Since we have scraped the full text of the reviews for Amazon from Trustpilot, we can perform some basic natural language processing techniques. Using the `quanteda` package, let's run a very simple sentiment analysis on the reviews we have scraped from the fist 9 pages.
```{r, echo=TRUE}
library(quanteda)
```
```{r, echo=TRUE}
reviews_dfm <- corpus(reviews_complete, text_field = "reviews") %>% tokens(remove_punct = TRUE) %>% tokens_select(pattern = stopwords("en"), selection = "remove") %>% dfm()
topfeatures(reviews_dfm, n = 50)
```
```{r}
reviews_corpus <- corpus(reviews_complete, text_field = "reviews")
reviews_sentiment <- tokens(reviews_corpus) %>%
tokens_lookup(data_dictionary_LSD2015)%>%
dfm() %>%
convert(to = "data.frame")
reviews_sentiment <- reviews_sentiment %>%
mutate(sentiment = log((positive + neg_negative + 0.5) /
(negative +neg_positive + 0.5)))
summary(reviews_sentiment$sentiment)
```
# Scraping a table
`html_table()` is used to retrieve complete tables.\
Seeing a table doesn't necessarily mean that there's one.
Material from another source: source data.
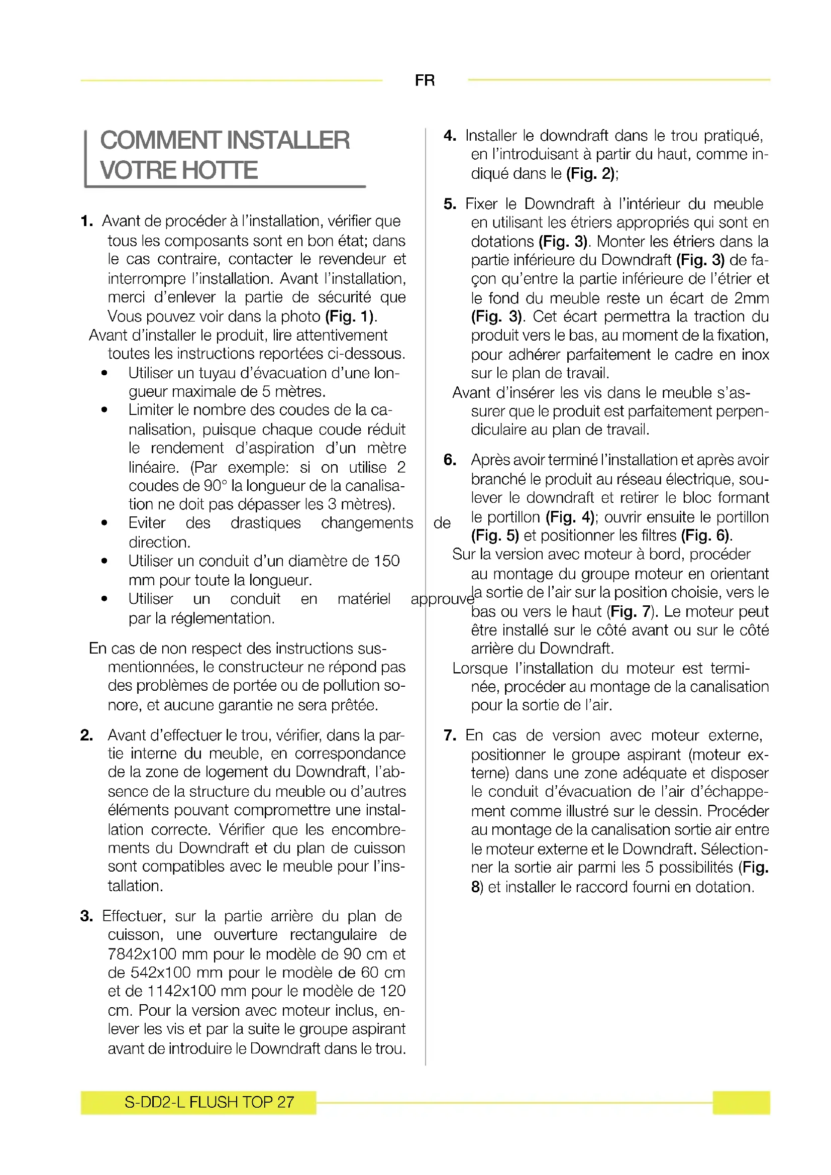 - Pendant la manipulation du Downdraft, ne pas positionner les mains dans le rayon d’ac- tion du chariot amovible. Dans le souci d’une amélioration constante de nos produits, nous nous réservons le droit d’apporter à leurs caractéristiques techniques, fonctionnelles ou esthétiques toutes modifica- tions de leurs caractéristiques liées à l’évolution technique. Pour la version Esternal Motor, pour un fonctionnement correct du Downdraft, il est nécessaire d’utiliser un groupe aspirant (moteur externe) fourni par le même producteur. L’air recueilli ne doit pas être convoyé dans un conduit utilisé pour l’évacuation des fumées d’appareils alimentés avec une énergie différente de celle électrique (installations de chauffage centralisées, etc.). Pour décharger l’air à éva- cuer, suivre les prescriptions des autorités com- pétentes. AVERTISSEMENT Conservez cette notice d’utilisation avec votre appareil. Si l’appareil devait être ven- du ou cédé à une autre personne, assurez- vous que la présente notice accompagne l’appareil. Merci de prendre connaissance de ces conseils avant d’installer et d’utiliser l’appareil. Ils ont été rédigés pour votre sé- curité et celle d’autrui.S-DD2-L FLUSH TOP 25
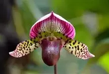 兜兰是兰科兜兰属的多年生草本植物。根茎粗状,直径3~4毫米,有很多须根;叶基生,叶片肉质增厚,排成紧密2列,叶片呈长圆形,表面有极短柔毛;总状花序,粉白色,花葶直立或倾斜,深绿色或褐色,花瓣大,呈唇形,…全部>>
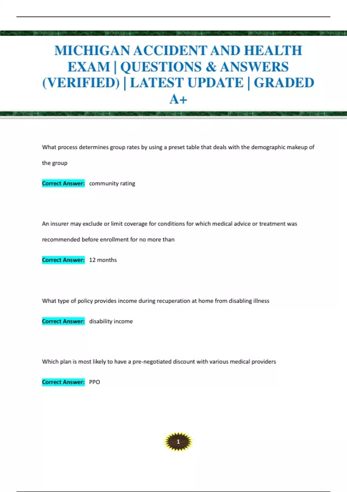 MICHIGAN ACCIDENT AND HEALTH EXAM | QUESTIONS & ANSWERS (VERIFIED) | LATEST UPDATE | GRADED A+
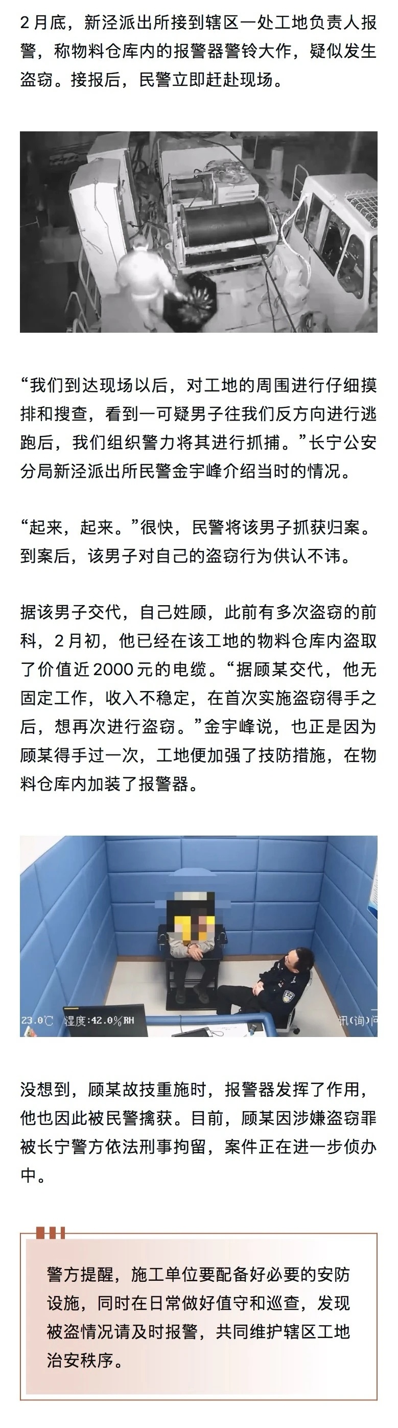2月底的一个晚上,新泾镇一尚未开工的工地物料仓库内突然发出警报声,工人们都还没开工,怎么会有人出现在物料仓库内呢?

A table is a type of element in HTML and you need to see the table 'table' tag in the code. If it has an ID or a class, we use them. Otherwise, we don't specify any HTML nodes.\
Let's examine this page.
Table Scraping Example 4: [U.S. Polling Presidential Election 2020](https://en.wikipedia.org/wiki/Polling_for_United_States_presidential_elections#2020)
```{r, echo = TRUE}
link = "https://en.wikipedia.org/wiki/Polling_for_United_States_presidential_elections#2020"
table = link %>%
read_html() %>%
html_node(".wikitable:nth-child(74)") %>% html_table() %>%
as.data.frame()
```
Table Scraping Example 5: [German Election Polling 2021-2023](https://en.wikipedia.org/wiki/Opinion_polling_for_the_next_German_federal_election)
```{r, echo = TRUE}
url = read_html("https://en.wikipedia.org/wiki/Opinion_polling_for_the_next_German_federal_election")
depolls = url %>% html_table()
```
```{r, echo=TRUE}
depolls23= depolls[[1]]
depolls22= depolls[[2]]
depolls21= depolls[[3]]
```
# Scraping data that is not on the specified webpage
Sometimes, you need to scrape data on a parent page and a child page simultaneously. This is when `html_attr()` comes into play.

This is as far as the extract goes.